■ Task brief ■
For the records that follow, restate each one word for word and leave the images behind.

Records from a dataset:
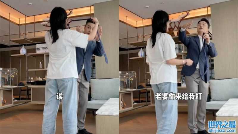 视频中,沈涛身穿西装,精致的发型和锃亮的皮鞋显得他整个人十分精神。这时,一名身穿白色上衣和牛仔裤的工作人员拿着领带正准备给沈涛系上,但沈涛却躲了过去,挥着手对镜头外的妻子说:“老婆你来给我打”。
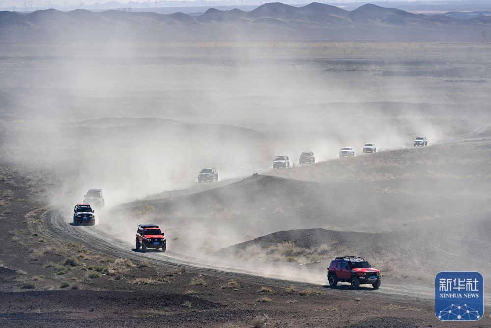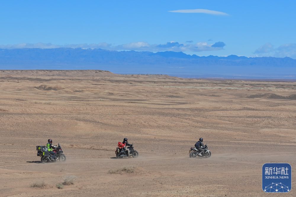 在新疆克拉瑪依市烏爾禾區(qū),車友在無人區(qū)體驗越野騎行(5月2日攝)。
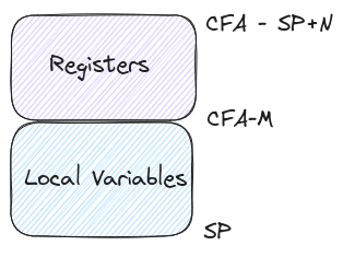 Alright, we’re almost done defining acronyms, I promise! You may have noticed CFA mentioned in all of our unwind rules defined in both the CIE and FDE. CFA stands for Canonical Frame Address and is probably the most important part of our unwind rules. It represents the base address of the frame we’re trying to reconstruct. Looking out our CIE again, you may recall this line:
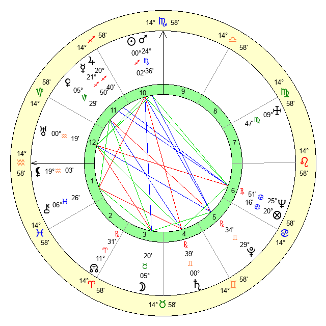 | Moon | 5 Taurus 23 | 27 Sagittarius 9 | 22 Gemini 29 |
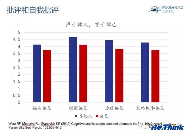 如上圖所示,這些身穿怪T恤的學生,自我感覺大約有一半其他學生會注意到他們。事實上,對他們身上穿的T恤有印象的只有大約20%的學生。 這個實驗告訴我們:我們人類可能犯的一個通病就是太把自己當回事。在很多時候,別人根本沒空來在意你。不管你是優秀的冠軍,或者出丑的笑柄,其實你都沒那么重要。 2017年2月,新加坡總理李顯龍在接受媒體采訪時表示,作為一個領導人,最重要的素質之一就是不要把自己看的太重(Don't take yourself or your philosophy too seriously)。他想要強調的也是這個相同的道理。3 對別人客觀,對自己主觀 我記得以前在學校里讀書的時候,老師會時不時組織一次“批評和自我批評”活動。在該活動中,我們被要求首先進行自我批評,然后再對其他同學進行批評,并接受對方對自己的批評。 研究顯示,當我們在批評其他人時,往往可以“一陣見血”,很容易指出對方身上存在的不足和弱點。但是當輪到對自己進行自我批評時,前面那股“客觀”勁一下子就消失了。
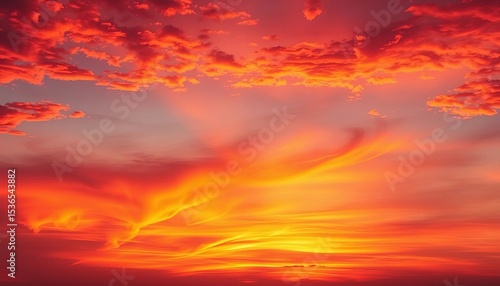 Obraz premium Vast, fiery sunset sky ablaze with orange, pink, and purple hues, breathtaking, scene
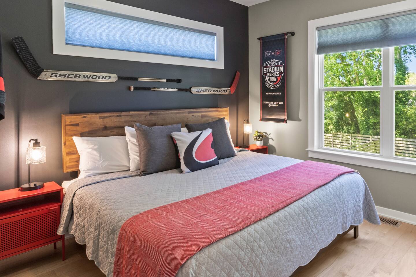 Enjoy our one-of-a-kind home in the heart of downtown Raleigh with touches of NC agriculture sprinkled throughout. We provide all the amenities you'll need for a comfortable stay, including a fully equipped kitchen, fenced backyard, and a game shed for entertainment. Perfect for grilling out before a NC State or Carolina Hurricanes game! Our house features three charming bedrooms: NCSU themed bedroom, Hurricanes themed bedroom, and North Carolina State Fair themed bedroom. ZSTR-000139-2023
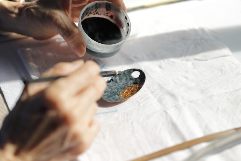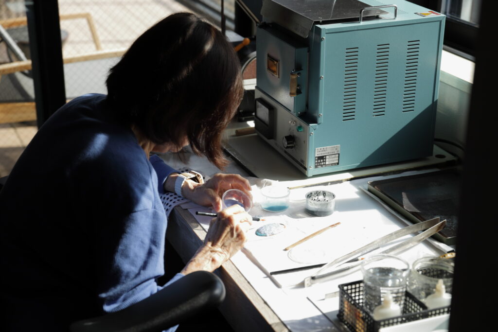 最近新築したという住居の中にあるアトリエは、何よりも作業効率を重視して設計したそうです。自然光がちょうど当たる作家の手元を、じっくりと見せていただくことができました。
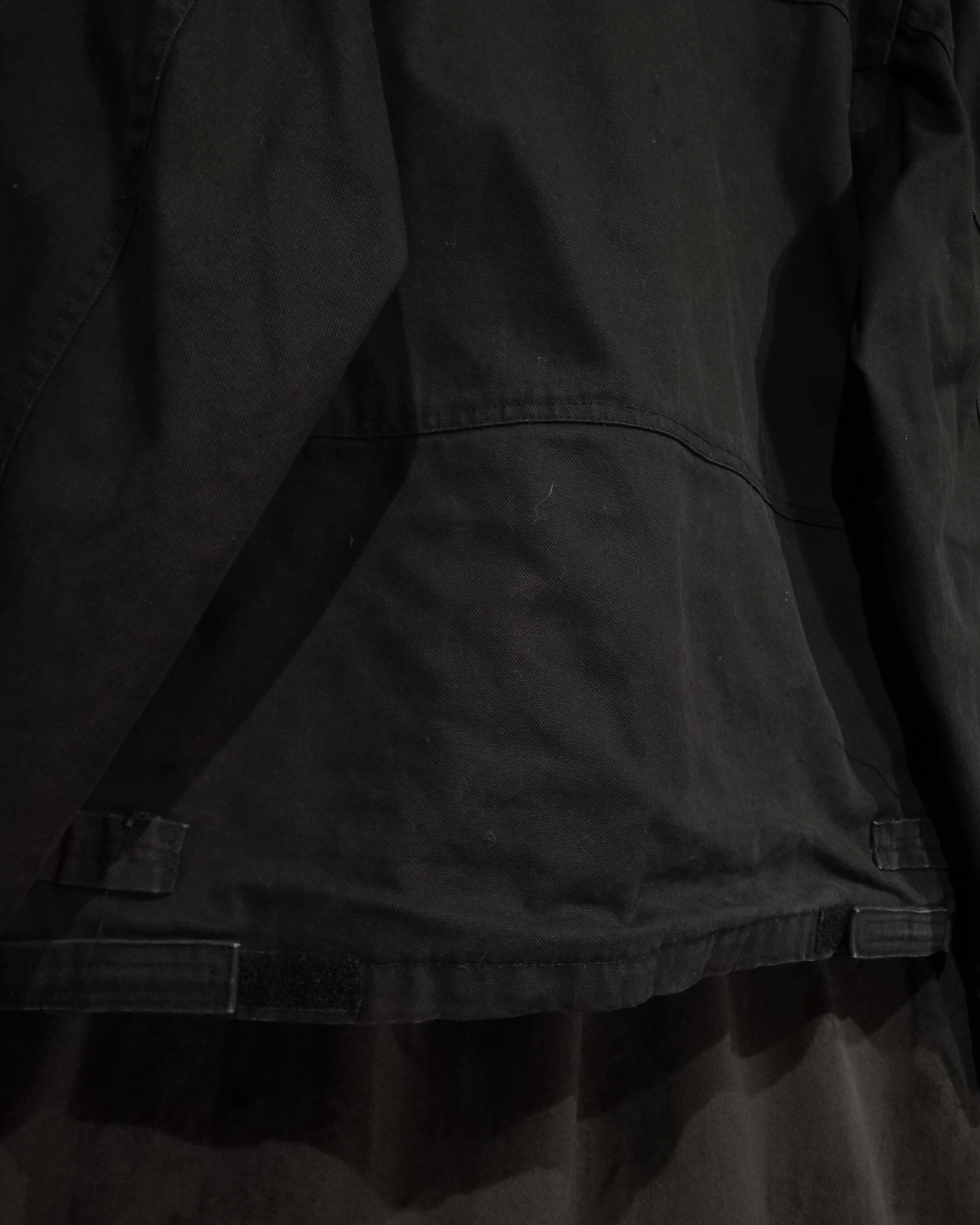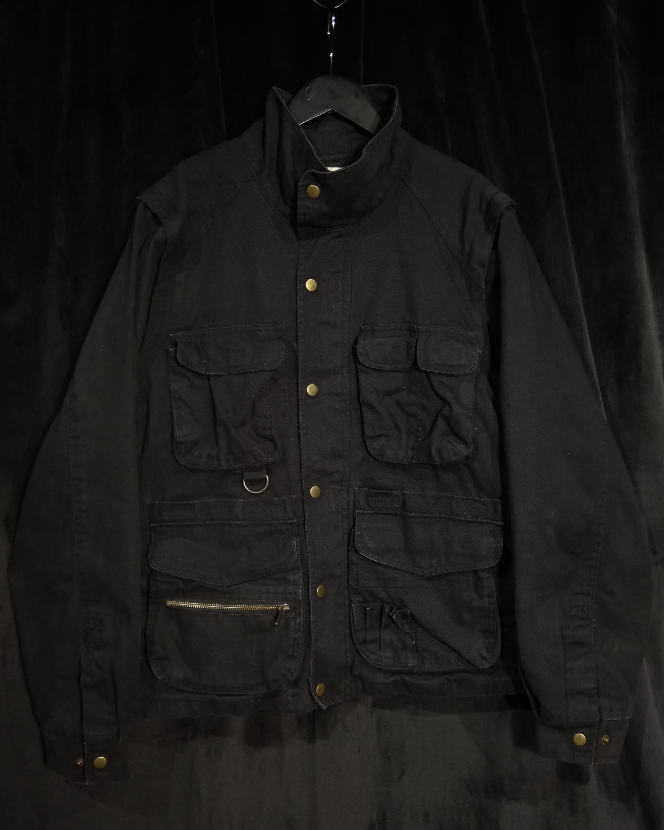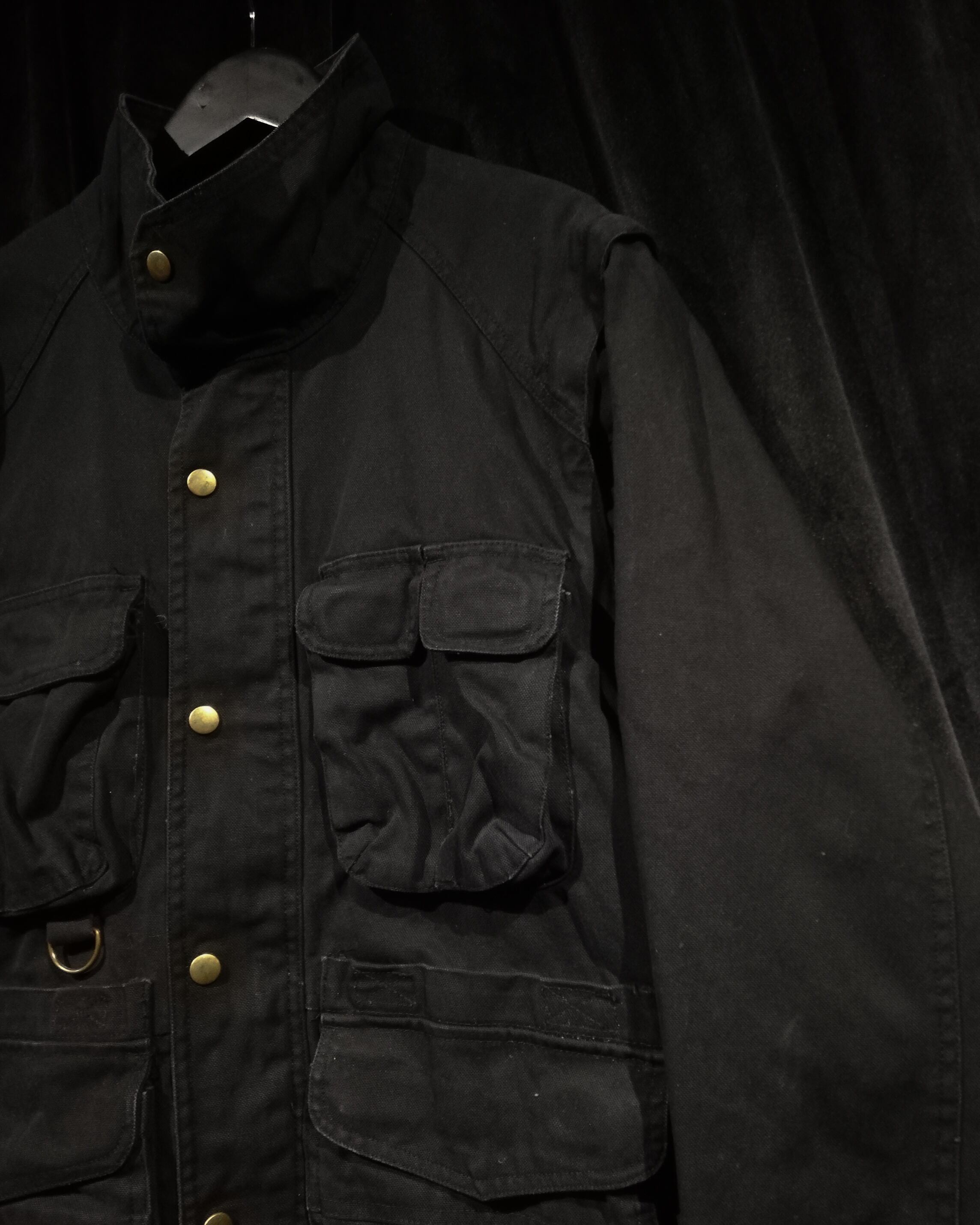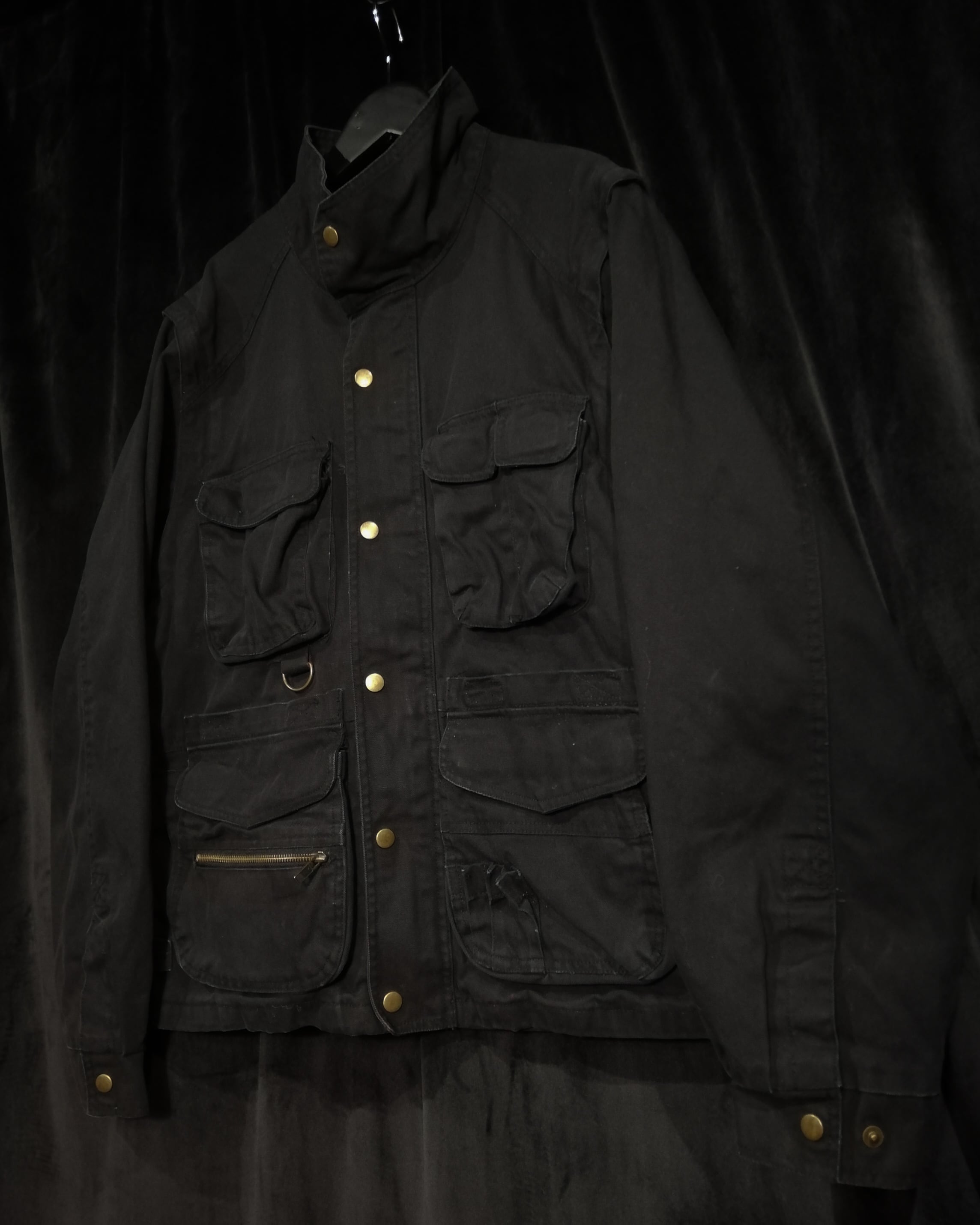 フロントに4つのマチ付きフラップポケット、その上からジップを重ねたギミックも載った、抜群の収納力を誇るジップアップジャケット。

■ Solution for this task ■
 视频中,沈涛身穿西装,精致的发型和锃亮的皮鞋显得他整个人十分精神。这时,一名身穿白色上衣和牛仔裤的工作人员拿着领带正准备给沈涛系上,但沈涛却躲了过去,挥着手对镜头外的妻子说:“老婆你来给我打”。
 在新疆克拉瑪依市烏爾禾區(qū),車友在無人區(qū)體驗越野騎行(5月2日攝)。
 Alright, we’re almost done defining acronyms, I promise! You may have noticed CFA mentioned in all of our unwind rules defined in both the CIE and FDE. CFA stands for Canonical Frame Address and is probably the most important part of our unwind rules. It represents the base address of the frame we’re trying to reconstruct. Looking out our CIE again, you may recall this line:
 | Moon | 5 Taurus 23 | 27 Sagittarius 9 | 22 Gemini 29 |
 如上圖所示,這些身穿怪T恤的學生,自我感覺大約有一半其他學生會注意到他們。事實上,對他們身上穿的T恤有印象的只有大約20%的學生。 這個實驗告訴我們:我們人類可能犯的一個通病就是太把自己當回事。在很多時候,別人根本沒空來在意你。不管你是優秀的冠軍,或者出丑的笑柄,其實你都沒那么重要。 2017年2月,新加坡總理李顯龍在接受媒體采訪時表示,作為一個領導人,最重要的素質之一就是不要把自己看的太重(Don't take yourself or your philosophy too seriously)。他想要強調的也是這個相同的道理。3 對別人客觀,對自己主觀 我記得以前在學校里讀書的時候,老師會時不時組織一次“批評和自我批評”活動。在該活動中,我們被要求首先進行自我批評,然后再對其他同學進行批評,并接受對方對自己的批評。 研究顯示,當我們在批評其他人時,往往可以“一陣見血”,很容易指出對方身上存在的不足和弱點。但是當輪到對自己進行自我批評時,前面那股“客觀”勁一下子就消失了。
 Obraz premium Vast, fiery sunset sky ablaze with orange, pink, and purple hues, breathtaking, scene
 Enjoy our one-of-a-kind home in the heart of downtown Raleigh with touches of NC agriculture sprinkled throughout. We provide all the amenities you'll need for a comfortable stay, including a fully equipped kitchen, fenced backyard, and a game shed for entertainment. Perfect for grilling out before a NC State or Carolina Hurricanes game! Our house features three charming bedrooms: NCSU themed bedroom, Hurricanes themed bedroom, and North Carolina State Fair themed bedroom. ZSTR-000139-2023
 最近新築したという住居の中にあるアトリエは、何よりも作業効率を重視して設計したそうです。自然光がちょうど当たる作家の手元を、じっくりと見せていただくことができました。
 フロントに4つのマチ付きフラップポケット、その上からジップを重ねたギミックも載った、抜群の収納力を誇るジップアップジャケット。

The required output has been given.